Acontece, porém, que na atualidade, com todo o esforço e carinho possíveis empreendidos por estudiosos que fazem uso da palavra para propagar o Espiritismo, encontramos pensamentos alheios ao que preconiza a doutrina de forma a falar de quase tudo, menos de Espiritismo. Histórias bem construídas, exemplos riquíssimos pelo nível de detalhe que sensibilizam à lágrimas, mas pobres em caracteres doutrinários capazes de realizar o que Leopoldo Cirne, o Leon Denis brasileiro, alertou: modificação de costumes. Uma hipótese de que essa abordagem não tem sido suficiente é o consumo de antidepressivos e estabilizadores de humor entre espíritas. E não há aqui hipocrisia ou condenação. Existem casos e casos. Entretanto questiono, nessa reflexão: se fosse terapeuta, se precisasse de psicotrópico utilizaria ou apenas recomendaria o uso? Evidentemente que essa pergunta não faz o menor sentido dentro de uma Casa Espírita. Lá é lugar de estudar a Doutrina e Evangelho.

É fato que Allan Kardec no primeiro capítulo do livro “A Gênese”, item oito nos diz que o “Espiritismo, tendo por objeto o estudo de um dos elementos constitutivos do Universo (ou seja, elemento espiritual), toca na maior parte das ciências.” Isso já nos dizia o insigne José Marques Mesquita (pela USEERJ) em seu livreto “A relação entre a Psicologia e o Espiritismo”.  Mesquita continua dizendo-nos que, dentre as ciências em que o Espiritismo toca mais de perto se destaca a Psicologia, cujo sentido da palavra em sua origem grega significa “Ciência da Alma”.

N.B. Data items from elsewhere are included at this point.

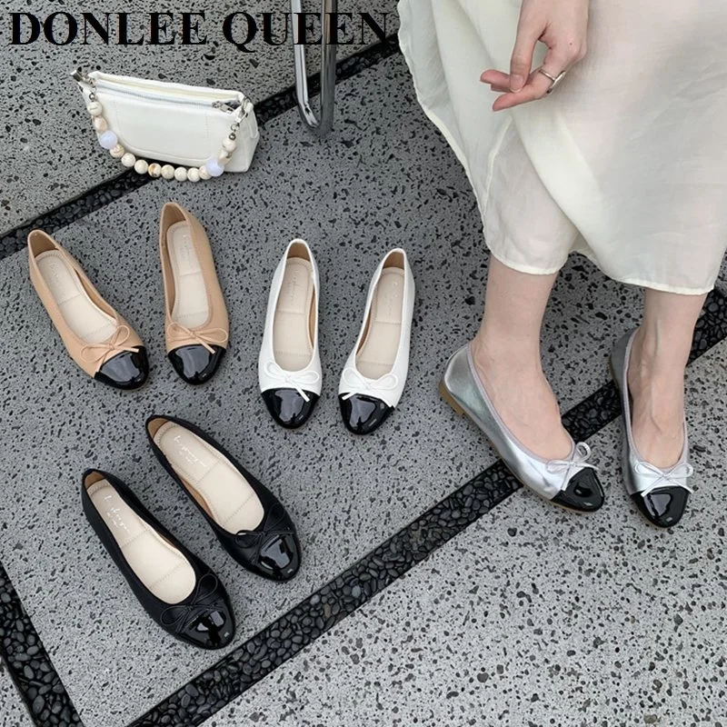 Балетки женские с круглым носком, брендовые мягкие лоферы, без застежки, с бантом, плоская подошва, демисезонные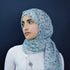 Pretty blue flowers float across a soft and delicately shimmering ivory white background. Our Blue Orchard hijab combines the luxury and softness of silk with the comfort and wearability of cotton.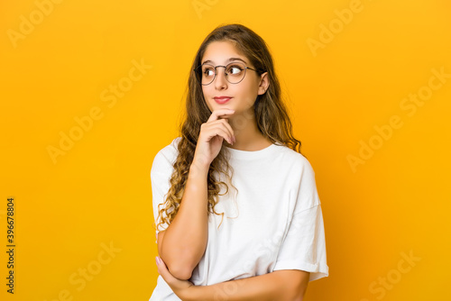 Young caucasian woman looking sideways with doubtful and skeptical expression.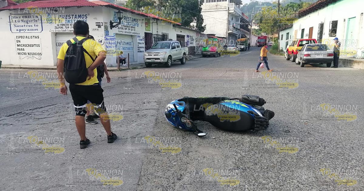 Estos hechos ocurrieron en el cruce de las calles José María Morelos y Libertad, donde circulaba un vehículo particular, cuyo conductor no hizo alto y decidió seguir su camino, sin percatarse que un joven motociclista circulaba por este lugar, mismo que terminó en el suelo debido al impacto.
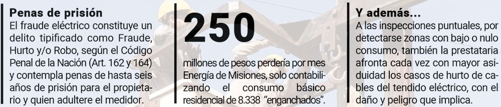 En lo que va del año, Energía de Misiones realizó poco más de once mil inspecciones con el propósito de prevenir y castigar tanto el fraude eléctrico como el hurto de energía, en zonas residenciales, edificios y comercios que recurren a maniobras varias para evitar el pago de la energía consumida, perjudicando al resto de los usuarios y ocasionando pérdidas millonarias. Los resultados terminaron siendo alarmantes, principalmente por la cantidad de conexiones directas a la red eléctrica, sin medidor, que totalizan 8.338 y el impacto económico negativo.

Discorre ainda José Mesquita sobre a Psicologia Experimental, surgida na época em que o Espiritismo já estava maduro (1870). O citado autor faz um belo trabalho mostrando a evolução da Psicologia Experimental em suas vertentes comobehaviorismo, psicanálise, psicologia humanista, psicologia transpessoal (a vedete dos terapeutas espíritas por seu caráter transcendente aos limites da psicologia humanista). E em todo o trabalho o autor evidencia a coerência e a importância de se caminhar junto a Psicologia com o Espiritismo.

José Marques Mesquita, porém, nos dá uma aula de Espiritismo. Em uma de suas páginas finais (42) o autor diz: “a finalidade do Espiritismo é esclarecer o homem de todas as coisas, a fim de libertá-lo da ignorância sobre si mesmo e sobre o verdadeiro sentido de sua vida, que é o de se sua contínua evolução em direção à meta para o qual ele foi criado, que é a perfeição (…).” Soube, com muita sensibilidade, coordenar a ordem de importância nos estudos.

O Espiritismo como ciência que estuda a relação do espírito com o mundo material, a origem e o destino dos espíritos pode se valer de todas as ciências para explicar a toda a gente o quanto seus ensinamentos são profundos e transformadores. Para isso, Marques atribuiu o peso adequado: reconheceu a importância da Psicologia, assim como nós outros, porém, como acessório e não peça principal em uma Casa Espírita. A Psicologia, se usada de forma adequada, possui espaço transformador, quando seus esclarecimentos forem complementares ao que diz a Doutrina Espírita. Sem Doutrina Espírita e Evangelho, a Psicologia é mais uma ciência incompleta e imperfeita, na acepção científica do termo, por ignorar sua razão principal de existir: a alma (Espírito encarnado, segundo Kardec). Menos psicologismos em palestras e mais Doutrina Espírita com Evangelho do Cristo.